# Exercise instructions
In the listing that follows, count each line where the word "افسر" appears; write nothing but the count.

# Material provided
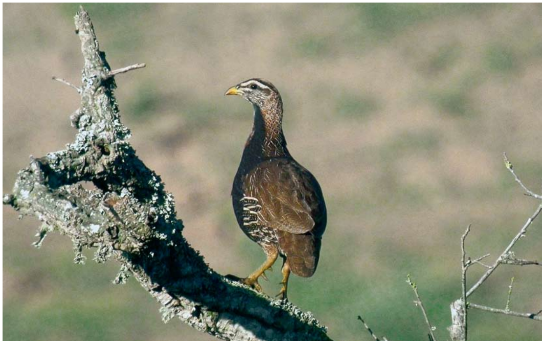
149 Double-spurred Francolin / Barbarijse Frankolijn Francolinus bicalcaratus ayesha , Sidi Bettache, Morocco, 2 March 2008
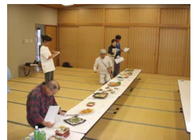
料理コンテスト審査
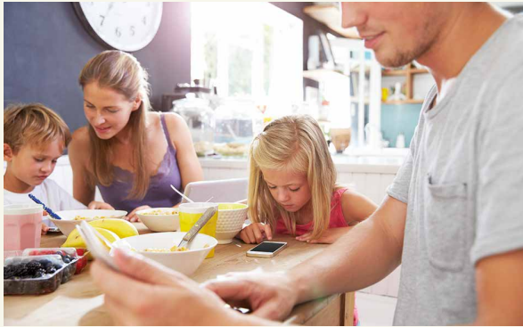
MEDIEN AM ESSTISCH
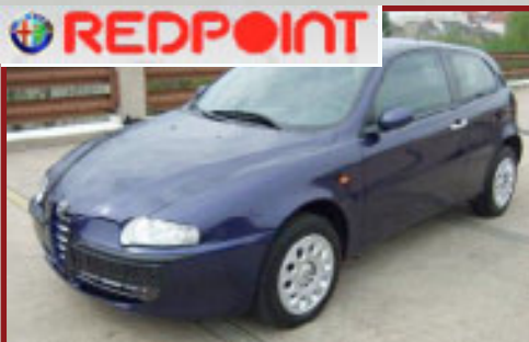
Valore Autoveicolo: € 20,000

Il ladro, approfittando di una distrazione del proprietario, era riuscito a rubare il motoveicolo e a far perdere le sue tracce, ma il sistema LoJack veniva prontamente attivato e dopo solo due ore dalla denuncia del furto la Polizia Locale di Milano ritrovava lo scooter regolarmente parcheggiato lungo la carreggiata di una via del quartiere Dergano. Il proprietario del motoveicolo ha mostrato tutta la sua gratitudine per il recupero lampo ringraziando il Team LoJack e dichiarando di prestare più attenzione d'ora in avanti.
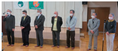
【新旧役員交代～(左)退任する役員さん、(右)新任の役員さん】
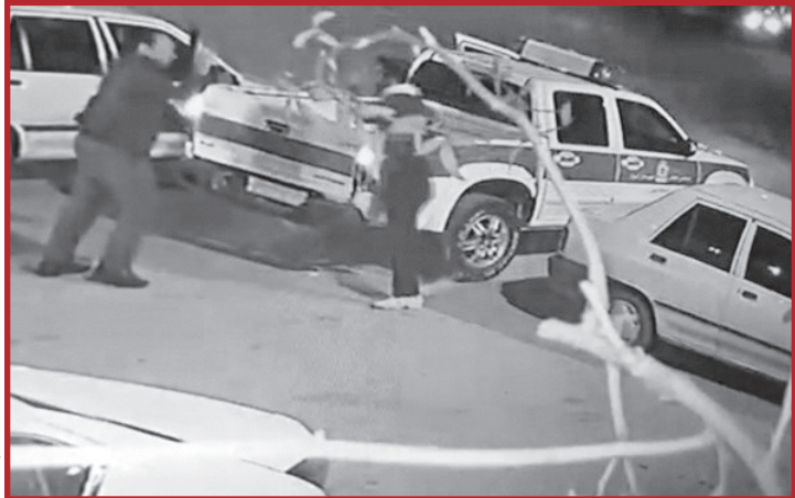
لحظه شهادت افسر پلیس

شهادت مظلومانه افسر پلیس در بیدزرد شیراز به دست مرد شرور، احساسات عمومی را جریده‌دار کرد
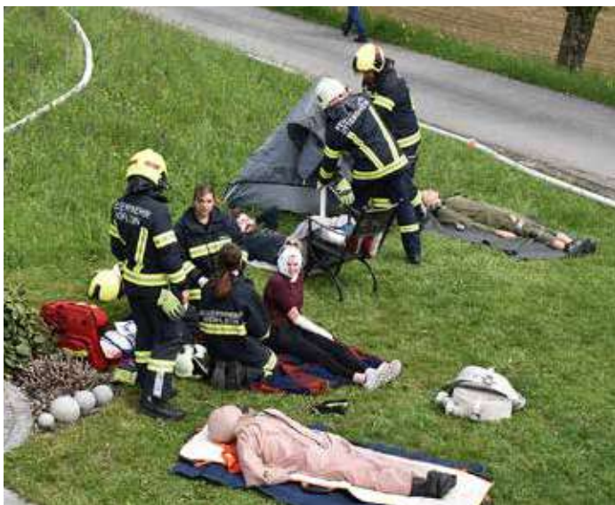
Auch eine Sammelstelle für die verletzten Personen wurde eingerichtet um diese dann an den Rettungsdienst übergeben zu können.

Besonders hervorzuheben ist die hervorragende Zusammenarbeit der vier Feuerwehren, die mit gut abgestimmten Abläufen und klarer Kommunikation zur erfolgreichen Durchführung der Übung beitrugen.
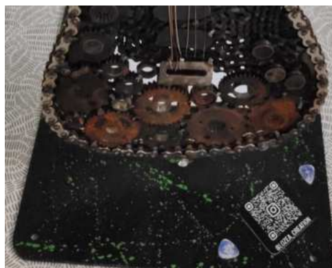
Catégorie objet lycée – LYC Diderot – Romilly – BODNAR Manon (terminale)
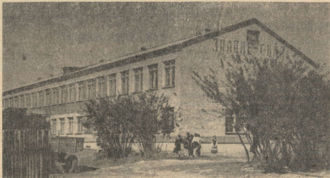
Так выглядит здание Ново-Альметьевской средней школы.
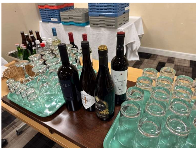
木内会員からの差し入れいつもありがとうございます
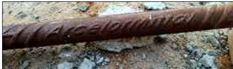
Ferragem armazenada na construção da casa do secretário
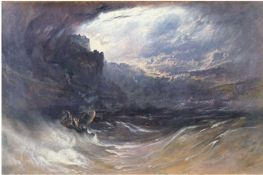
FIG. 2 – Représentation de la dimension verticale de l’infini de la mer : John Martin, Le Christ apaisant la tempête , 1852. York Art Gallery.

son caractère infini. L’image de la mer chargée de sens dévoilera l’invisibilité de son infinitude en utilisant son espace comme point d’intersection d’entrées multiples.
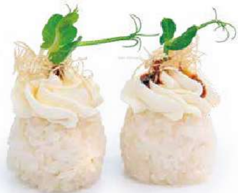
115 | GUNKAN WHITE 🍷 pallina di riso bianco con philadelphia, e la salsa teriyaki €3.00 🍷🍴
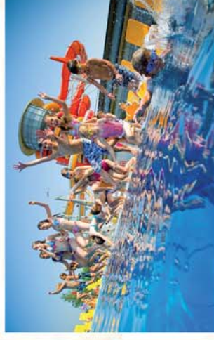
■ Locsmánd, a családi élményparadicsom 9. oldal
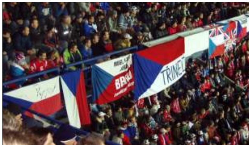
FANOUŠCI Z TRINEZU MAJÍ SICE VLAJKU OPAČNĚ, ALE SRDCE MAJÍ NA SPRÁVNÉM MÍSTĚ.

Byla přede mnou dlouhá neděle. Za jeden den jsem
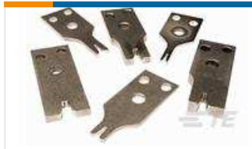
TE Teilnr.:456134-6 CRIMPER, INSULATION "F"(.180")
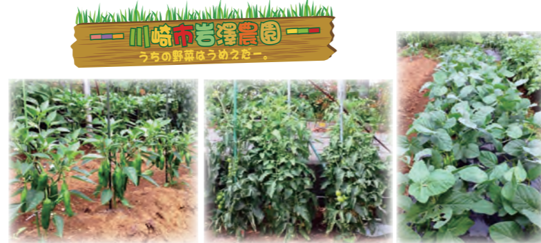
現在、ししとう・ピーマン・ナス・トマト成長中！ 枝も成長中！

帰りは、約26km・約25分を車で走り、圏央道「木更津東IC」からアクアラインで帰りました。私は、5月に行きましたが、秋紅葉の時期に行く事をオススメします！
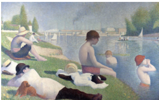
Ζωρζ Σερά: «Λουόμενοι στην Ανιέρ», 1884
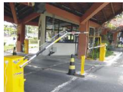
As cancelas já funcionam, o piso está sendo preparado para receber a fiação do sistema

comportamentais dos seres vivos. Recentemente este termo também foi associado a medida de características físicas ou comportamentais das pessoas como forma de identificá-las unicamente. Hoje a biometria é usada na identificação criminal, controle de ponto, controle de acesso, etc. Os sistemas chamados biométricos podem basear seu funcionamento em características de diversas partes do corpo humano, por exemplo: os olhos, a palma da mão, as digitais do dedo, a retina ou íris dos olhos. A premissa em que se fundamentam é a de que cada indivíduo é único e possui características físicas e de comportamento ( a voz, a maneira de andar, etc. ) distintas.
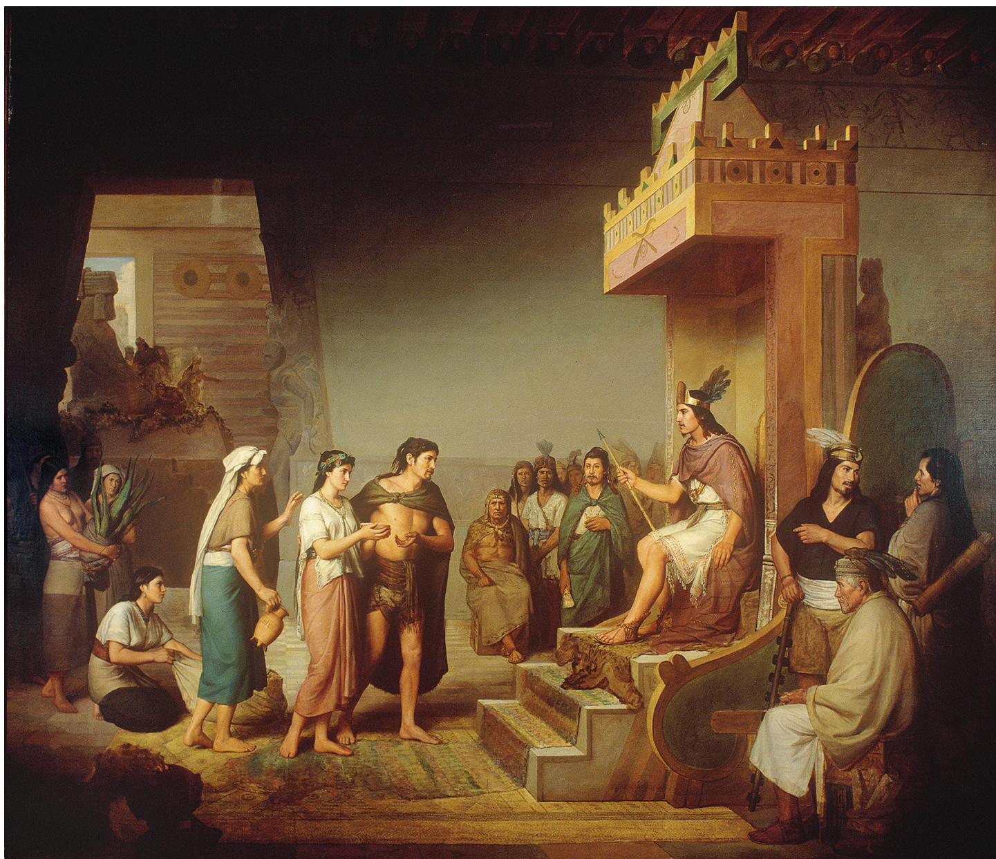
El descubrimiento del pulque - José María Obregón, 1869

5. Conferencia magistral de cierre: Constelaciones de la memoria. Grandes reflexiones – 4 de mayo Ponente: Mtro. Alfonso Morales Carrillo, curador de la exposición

==

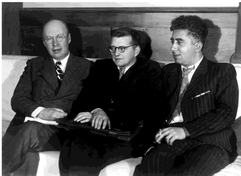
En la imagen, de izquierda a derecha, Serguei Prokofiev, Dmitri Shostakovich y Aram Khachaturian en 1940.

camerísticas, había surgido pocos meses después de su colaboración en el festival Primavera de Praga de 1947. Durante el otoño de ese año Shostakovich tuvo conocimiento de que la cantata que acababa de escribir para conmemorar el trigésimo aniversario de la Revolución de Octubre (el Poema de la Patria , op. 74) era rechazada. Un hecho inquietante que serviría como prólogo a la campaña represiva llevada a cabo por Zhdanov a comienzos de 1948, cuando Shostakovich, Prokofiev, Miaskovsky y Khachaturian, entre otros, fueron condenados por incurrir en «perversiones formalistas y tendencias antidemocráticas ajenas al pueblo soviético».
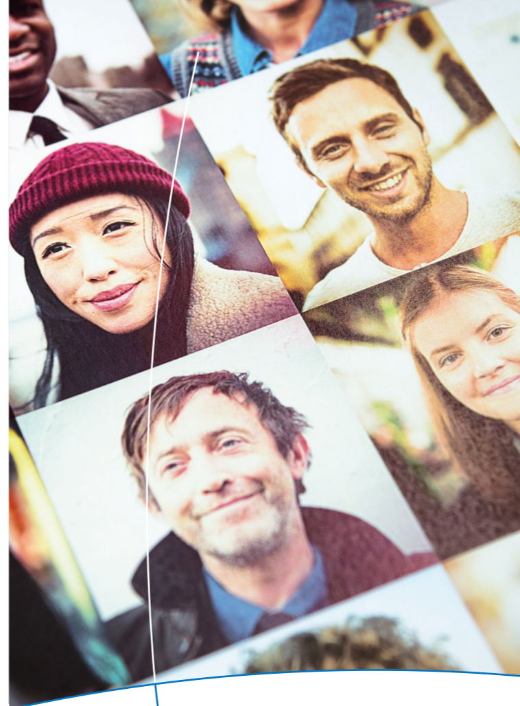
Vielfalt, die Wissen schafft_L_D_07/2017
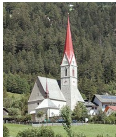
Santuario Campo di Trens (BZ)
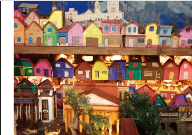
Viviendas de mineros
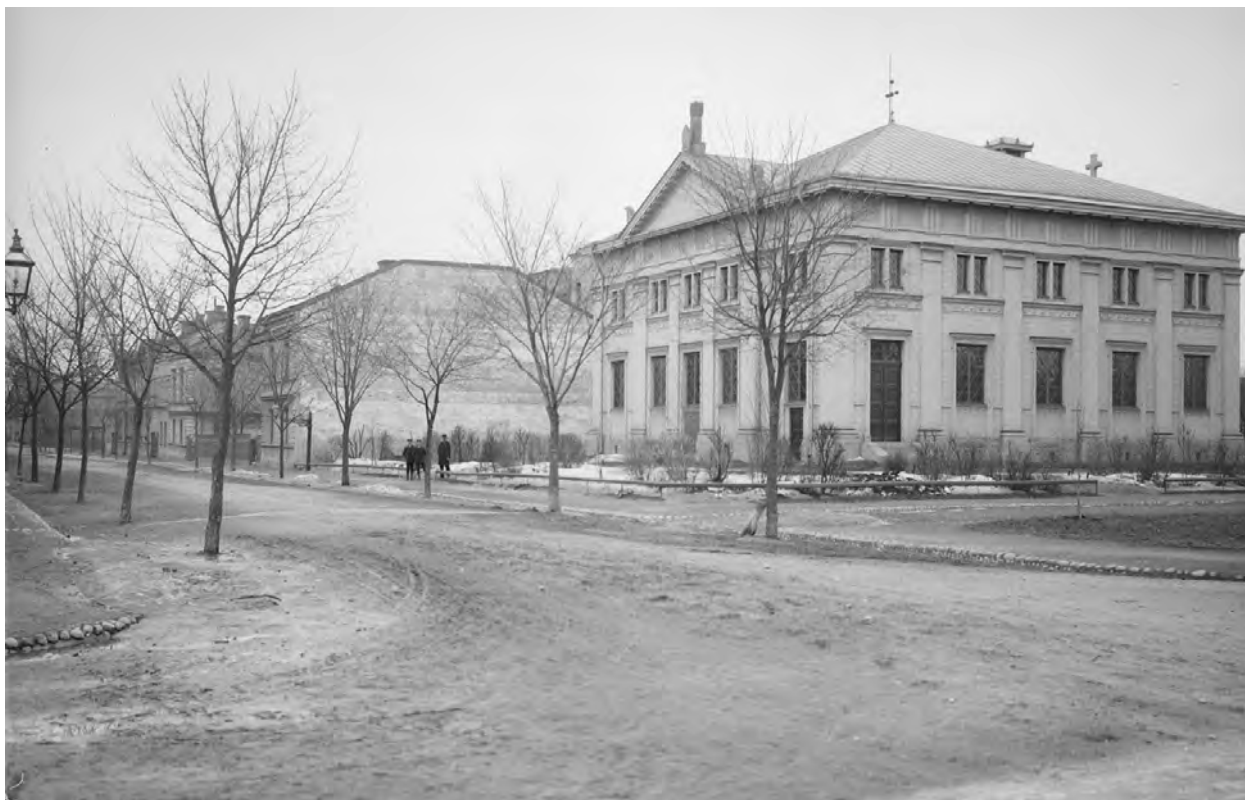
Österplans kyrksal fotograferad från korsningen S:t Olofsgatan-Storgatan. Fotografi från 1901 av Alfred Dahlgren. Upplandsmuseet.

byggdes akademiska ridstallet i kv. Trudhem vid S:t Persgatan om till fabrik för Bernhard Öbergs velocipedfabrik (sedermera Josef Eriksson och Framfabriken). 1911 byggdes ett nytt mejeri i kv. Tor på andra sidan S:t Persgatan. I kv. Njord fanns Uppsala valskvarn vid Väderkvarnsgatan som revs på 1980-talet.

# Answer section
2